In [1]:
import torch
import torch.nn.functional as F
from model import build_model_r3d_18
from dataset import ClipDataset
from torch.utils.data import DataLoader
import pandas as pd
import json
from tqdm import tqdm
import os




In [2]:
# ----- File paths -----
model_path = "checkpoints/r3d_18_best.pth"
inference_csv = "/home/atupulazi/personal_projects/collision-detection/frames/test/test_clip_labels.csv"        # only clip_name + label
metadata_csv = "/home/atupulazi/personal_projects/collision-detection/frames/test/demo_csv_copy.csv"            # has clip_name + time_of_event, id, etc.
output_csv = "/home/atupulazi/personal_projects/collision-detection/frames/test/demo_predictions.csv"


In [3]:
# ----- Setup device -----
device = torch.device("cuda" if torch.cuda.is_available() else "cpu")

# Load model
model_name = "r3d_18"
model_path = f"checkpoints/{model_name}_best.pth"

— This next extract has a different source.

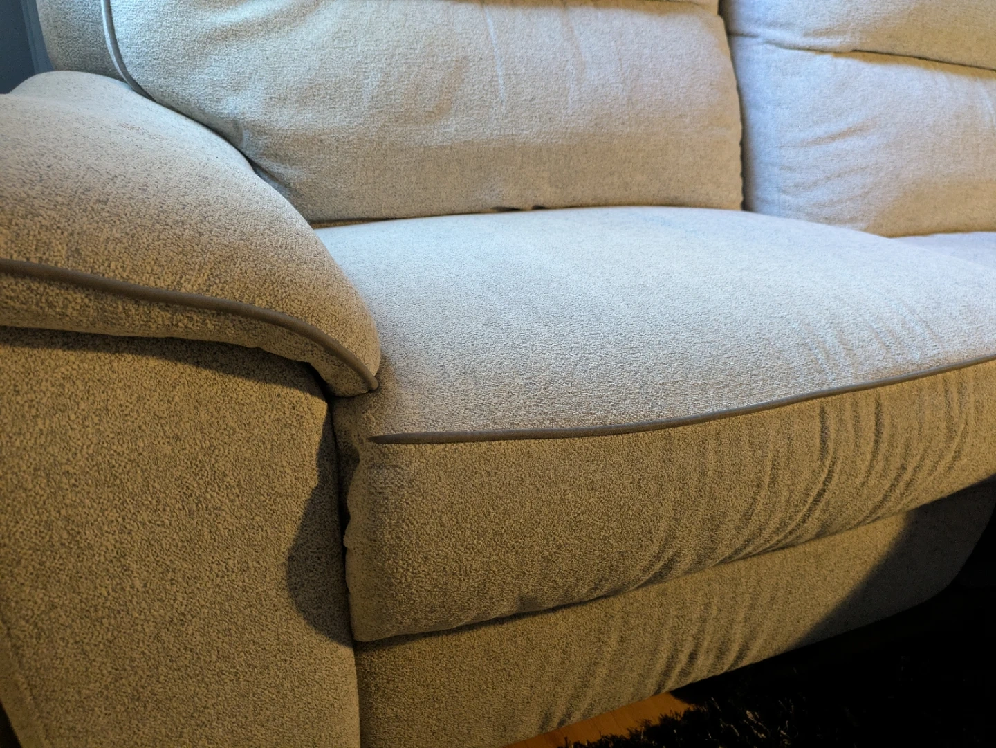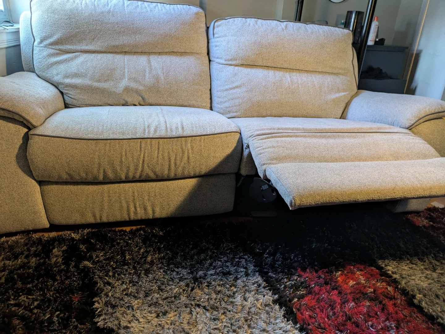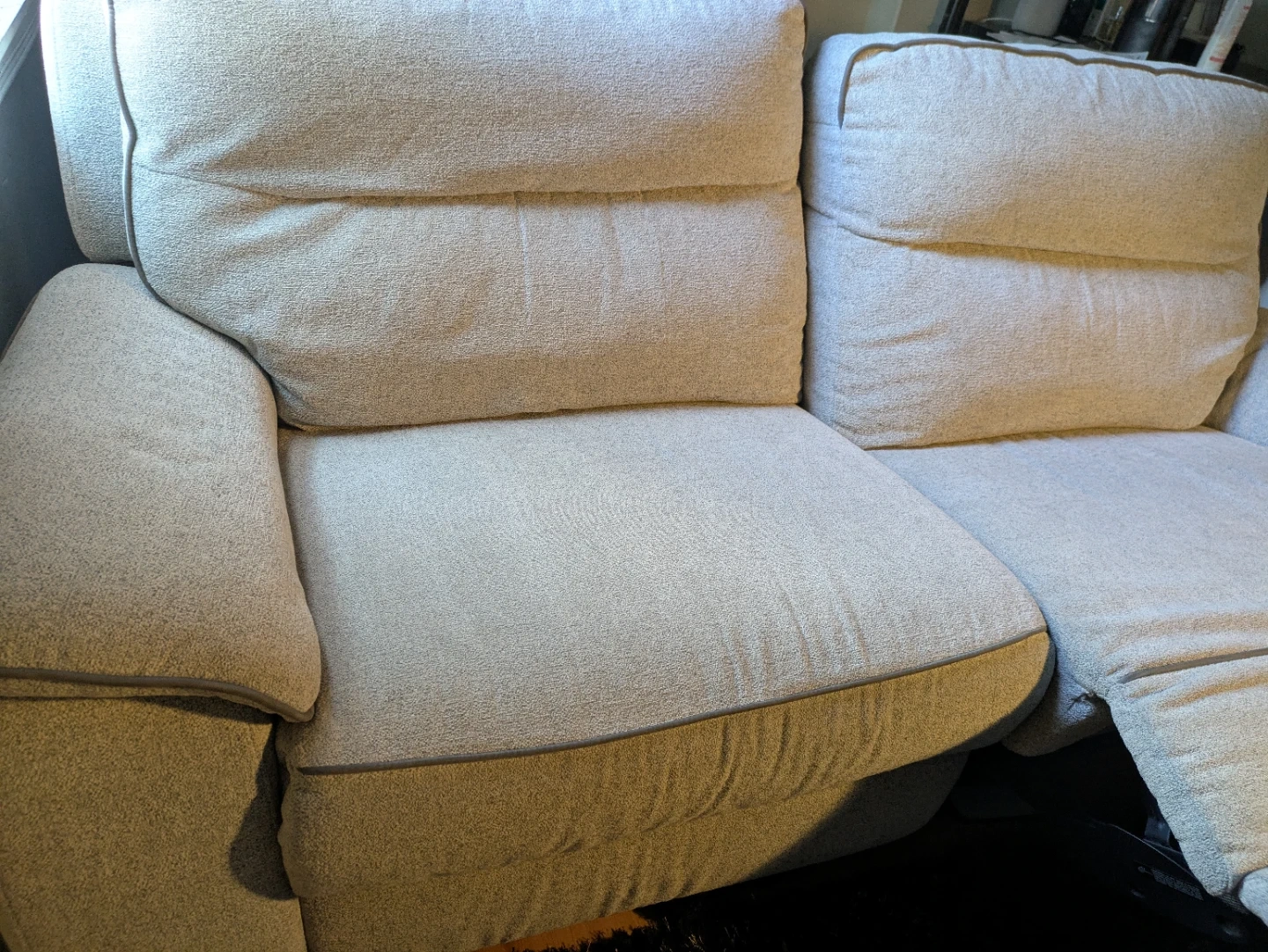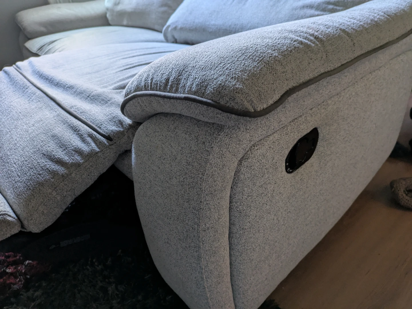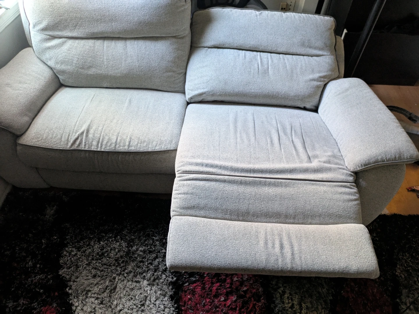 Nice and big ! 79 inches long for extra large seats. Both sides recline all the way back to lay. Very clean !! Smoke and pet free. The back of the couch come off so it will fit anywhere

model = build_model_r3d_18()
checkpoint = torch.load(model_path, map_location=device)
model.load_state_dict(checkpoint['model_state_dict'])
model.to(device)
model.eval()

VideoResNet(
  (stem): BasicStem(
    (0): Conv3d(3, 64, kernel_size=(3, 7, 7), stride=(1, 2, 2), padding=(1, 3, 3), bias=False)
    (1): BatchNorm3d(64, eps=1e-05, momentum=0.1, affine=True, track_running_stats=True)
    (2): ReLU(inplace=True)
  )
  (layer1): Sequential(
    (0): BasicBlock(
      (conv1): Sequential(
        (0): Conv3DSimple(64, 64, kernel_size=(3, 3, 3), stride=(1, 1, 1), padding=(1, 1, 1), bias=False)
        (1): BatchNorm3d(64, eps=1e-05, momentum=0.1, affine=True, track_running_stats=True)
        (2): ReLU(inplace=True)
      )
      (conv2): Sequential(
        (0): Conv3DSimple(64, 64, kernel_size=(3, 3, 3), stride=(1, 1, 1), padding=(1, 1, 1), bias=False)
        (1): BatchNorm3d(64, eps=1e-05, momentum=0.1, affine=True, track_running_stats=True)
      )
      (relu): ReLU(inplace=True)
    )
    (1): BasicBlock(
      (conv1): Sequential(
        (0): Conv3DSimple(64, 64, kernel_size=(3, 3, 3), stride=(1, 1, 1), padding=(1, 1, 1), bias=False)
        (1):

In [4]:
# ----- Load inference dataset -----
dataset = ClipDataset("/home/atupulazi/personal_projects/collision-detection/frames/test/demo_csv_copy.csv", split="test")
loader = DataLoader(dataset, batch_size=1, shuffle=False)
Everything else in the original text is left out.